Pour the stock into a saucepan with the trimmings/stalks from the mushrooms and warm through.
Heat a large frying pan or sauté pan until medium-hot. Add a knob of butter, the shallots and garlic and gently fry for a couple of minutes before adding the rice. Stir well, then add the wine and cook until the liquid has been absorbed.
Add a couple of ladlefuls of stock at a time, simmering between each addition until the rice has absorbed all the stock. Repeat until all the stock has been used and the rice is tender - it should take about 12-15 minutes.
While the rice cooks, heat a non-stick frying pan until hot. Add the remaining butter and a tablespoon of olive oil, add the mushrooms and cook over a high heat until just golden-brown and tender.
Add the mushrooms to the risotto and stir through, then stir in the teriyaki sauce, mascarpone and parmesan.

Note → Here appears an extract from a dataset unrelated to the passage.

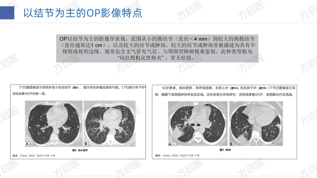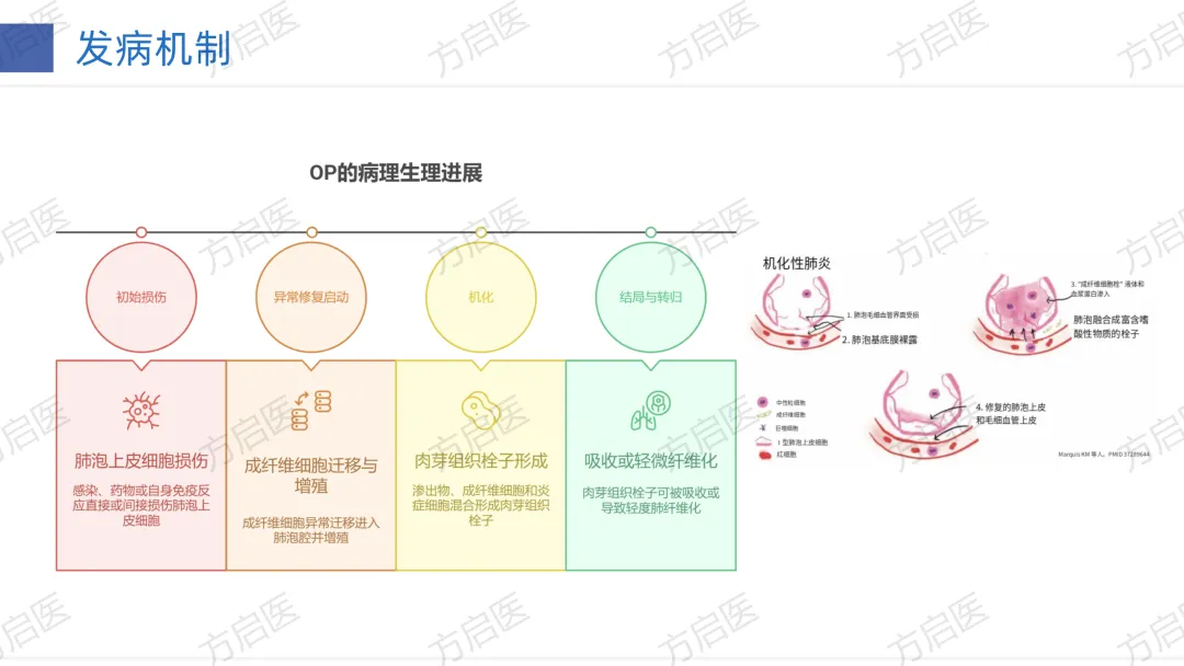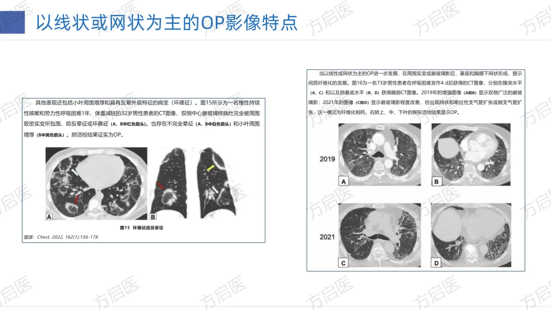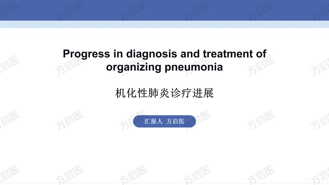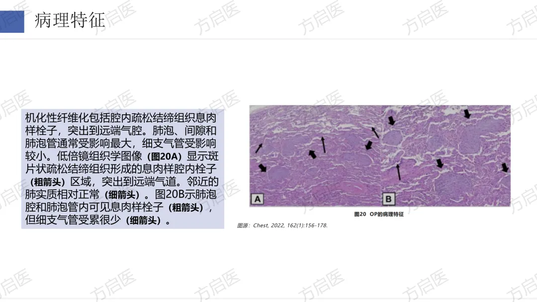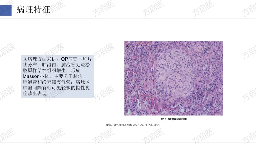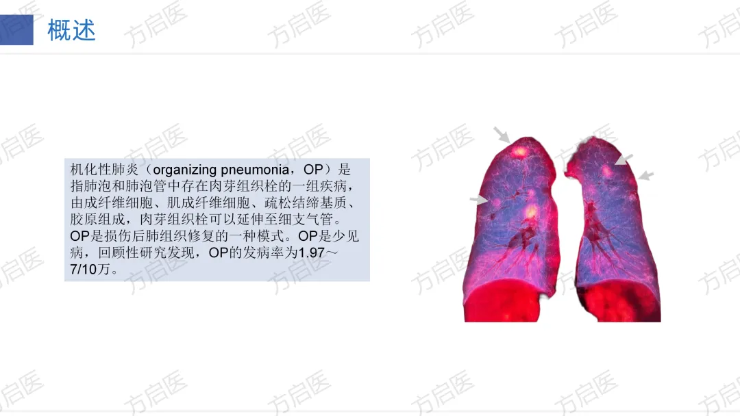 机化性肺炎(organizing pneumonia,OP)是指肺泡和肺泡管中存在肉芽组织栓的一组疾病,由成纤维细胞、肌成纤维细胞、疏松结缔基质、胶原组成,肉芽组织栓可以延伸至细支气管。OP是损伤后肺组织修复的一种模式。OP是少见病,回顾性研究发现,OP的发病率为1.97~7/10万。

Pour the milk into a saucepan with the lime leaves and lecithin and bring just to a simmer. Blend with a stick blender to create a foam.
Wipe the pan out, return it to the heat and add the last of the olive oil. Cook the red mullet skin-side down for a minute before turning over and cooking for another 30 seconds on the flesh side.
Spoon the risotto into serving bowls, top with a fillet of red mullet, skin-side up, and finish with a spoonful of lime leaf foam.